On Monday, the Committee on State and Local Government will hear a dozen bills to reform portions of Maine’s emergency powers law.
Currently, Maine law allows the governor to extend an emergency declaration every 30 days, absent a vote from both house and senate to terminate it. The Legislature may step in at any time, but the last year has shown us that politics will inevitably play a role. So, with one-party rule in Augusta, a state of emergency, and the expansive executive power that comes with it, continue in perpetuity.
Maine Policy Institute is offering testimony in support of all of these bills, and has helped hundreds of Mainers voice their support as well.
The batch of bills being heard Monday present many paths to substantially reforming the process. Many would require the governor seek legislative approval in order to extend emergencies. LD 14, sponsored by Sen. Pouliot of Augusta would require a two-thirds vote to extend an emergency every 30 days.
LD 980, sponsored by Rep. Sampson of Alfred, would shorten the initial window for unilateral executive emergency power from 30 days to 7 days. After that, “all emergency powers revert to the Legislature” which may extend it every 30 days with a two-thirds vote or terminate it with majority vote.
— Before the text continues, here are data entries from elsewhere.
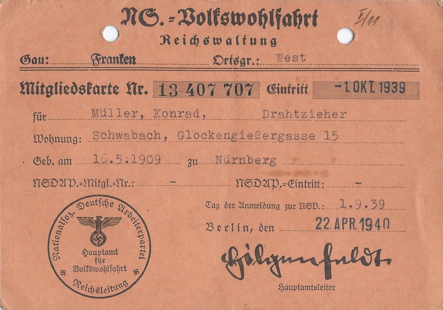x936 - NS-Volkswohlfahrt Gau Franken - Schwabach, Mitgliedskarte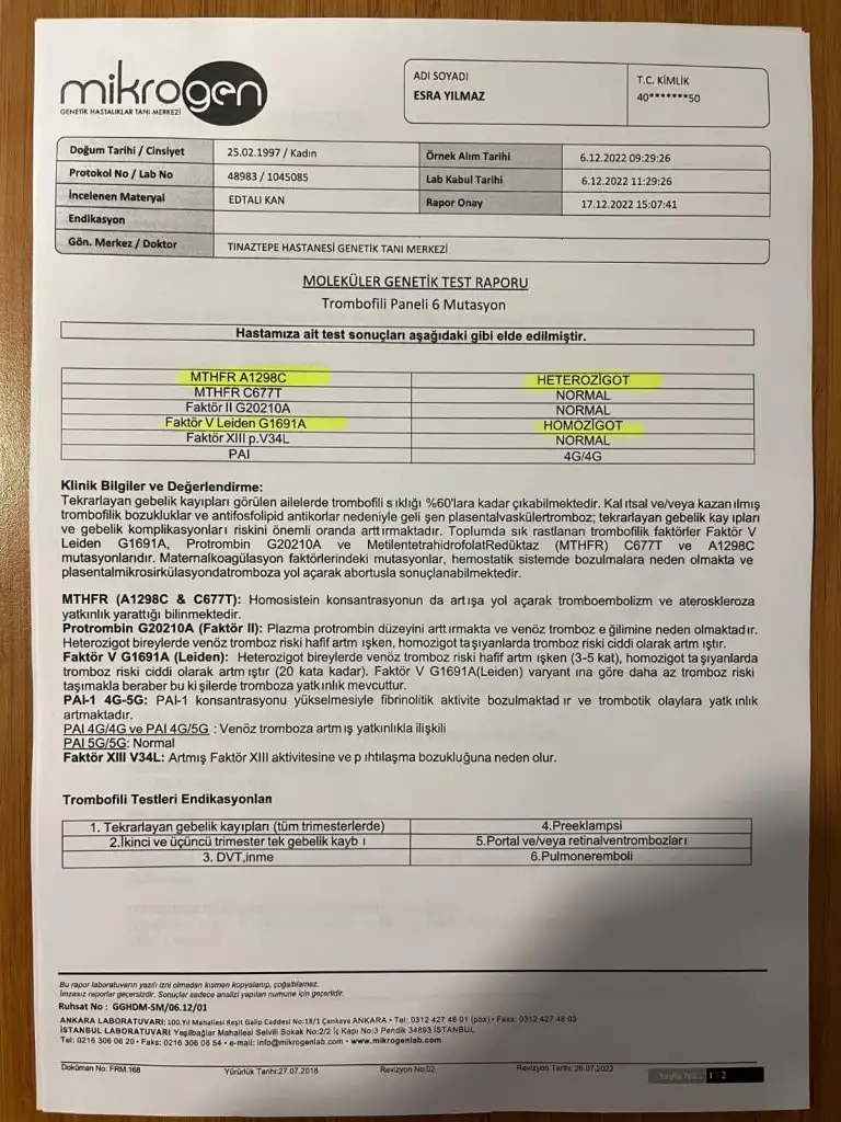 Evet resim olarak atayımCanım genetik testin nasıldı? Faktör 5 diye bişey var heterezigot falan mıydı? Bnm de sanırım öyle de beni aydınlatır mısın:)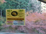 駅で待つこと数分。暫くして野口さんからメール。 「ゆみちゃんは気分がまだ悪く今日は帰ります。 私は1056に御嶽に着く電車に乗ります。」 え”〜。マジっすか? で、野口さん到着。元気な笑顔のゆみちゃんと共に... 駅には眉毛もホワイトプランのまゆげ犬がいました。 ↓景色は、なに?、これ? ↓紅葉がとっても綺麗!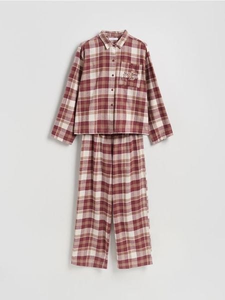 Piżama składająca się z koszuli i spodni, wykonana z bawełny.
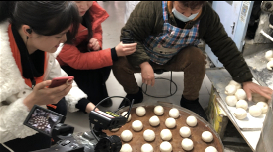 過大年,蒸饅頭。當(dāng)日9時(shí)許,在項(xiàng)城市,兩位主播唱起中國傳統(tǒng)年俗童謠,隨后走進(jìn)一家饅頭店現(xiàn)場直播年饃制作過程。饅頭店老板姓黃,從事饅頭制作30余年,直播開始即見轟鳴的和面機(jī)攪動著巨大的白面團(tuán),黃老板介紹說,這次和的面有130余斤,”以前是人工揉面,一個(gè)壯勞力一次揉40來斤面就不錯(cuò)了?,F(xiàn)在機(jī)器揉面除了揉的多,而且快,還越揉越白,不像人工揉面越揉越黑。機(jī)器揉面越揉越勁道,做出來的饃好吃,我們這兒現(xiàn)在全機(jī)械化制作“。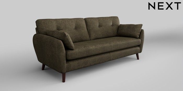 6.12.1 Buy Wilson Buttoned Back 3 Seater Sofa Plush Chenille Moss Green Retro Tapered - Dark Brown from the Next UK online shop Click here to use our accessible website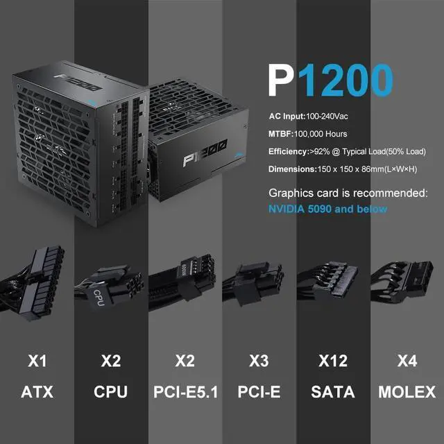 Future-Ready & Compact Design: The P1200s compact 150mm depth fits snugly in tight cases, while its dual 12V-2x6 connectors (exclusive to 1200W model) ensure compatibility with the most power-hungry GPUs. Backed by a 10-year warranty, its a future-proof investment for enthusiasts.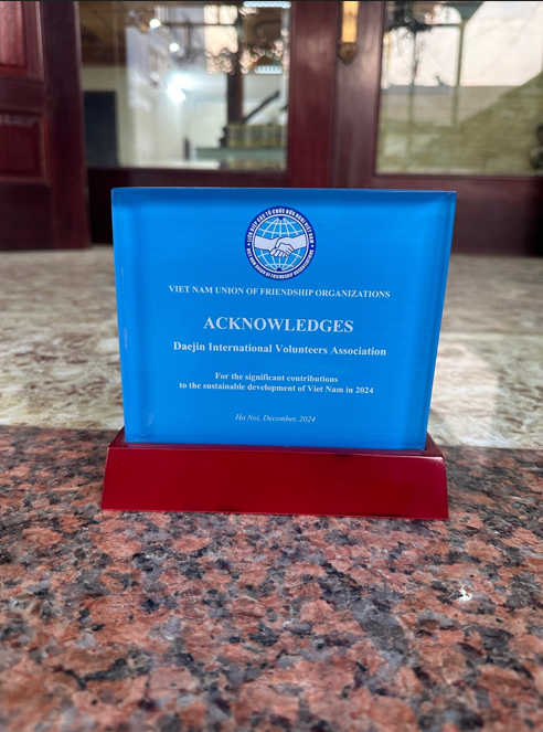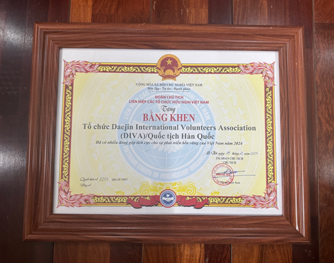 On December 20, 2024, DIVA (Daejin International Volunteers Association) received a Certificate of Merit from the Vietnam Union of Friendship Organizations (VUFO).

LD 1039, sponsored by Sen. Keim of Oxford would require a majority vote by the Legislature to continue an emergency every 30 days, but would also allow legislators to nullify specific emergency orders with a two-thirds vote, something that is not possible today.
Today, the governor retains emergency powers 30 days after the official state of emergency is terminated. LD 1019, sponsored by Rep. Bradstreet of Vassalboro, would require that orders issued by the governor automatically end after 30 days, or when the state of emergency ends. Mainers should not be subject to one-person rule for longer than absolutely necessary.
Other bills would better define the scope of emergency authority, like Sen. Keim’s LD 955, which would require that emergency orders be “narrowly tailored to serve a compelling health or safety purpose” if restricting constitutional rights, also known as the judicial standard of “strict scrutiny.” LD 955 would also require courts to quickly review challenges to emergency orders. LD 980 contains these provisions as well.
The process for declaring an emergency should be clear and consistent, no matter the current political makeup. By requiring periodic legislative approval, as many of these bills propose, the law would require legislators and the governor to convene in public, lay out the facts, and develop a consensus for governing in an extended emergency situation. It is crucial that this authority be vested primarily with the people’s body.
LD 131, sponsored by Rep. Dillingham of Oxford and LD 628, sponsored by Rep. Carmichael of Greenbush, would require a higher threshold of legislative approval for orders that treat businesses, nonprofits, houses of worship, and other private entities unequally. Rep. Dillingham’s bill would also require that declared emergencies be the smallest political subdivision of the state as possible to respond to the emergency, and orders mandating the closure of businesses, civic or religious organizations would require an affirmative vote of the Legislative Council.
None of these bills would take away the governor’s power to act quickly in situations where time is short; they all maintain an initial window under which the governor may declare an emergency and act to manage it. All but two of the bills would take effect 90 days after enactment, likely beyond the scope of the current emergency.
Maine’s emergency powers law exists to allow the governor to respond to an imminent threat. It’s meant to be used sparingly, and should not allow one person to control all of state government for a year or more. These commonsense bills simply require involvement and oversight of the executive branch by the legislative branch, as demanded by the separation of powers and co-equal branches of government.
Should a governor be able to deem himself or herself fit to exercise near-absolute power for any period of time after that window? Governing by consensus should resume as quickly as possible, once an imminent threat is better understood or otherwise neutralized. The legislature — the people’s body — should always be an equal player in this process.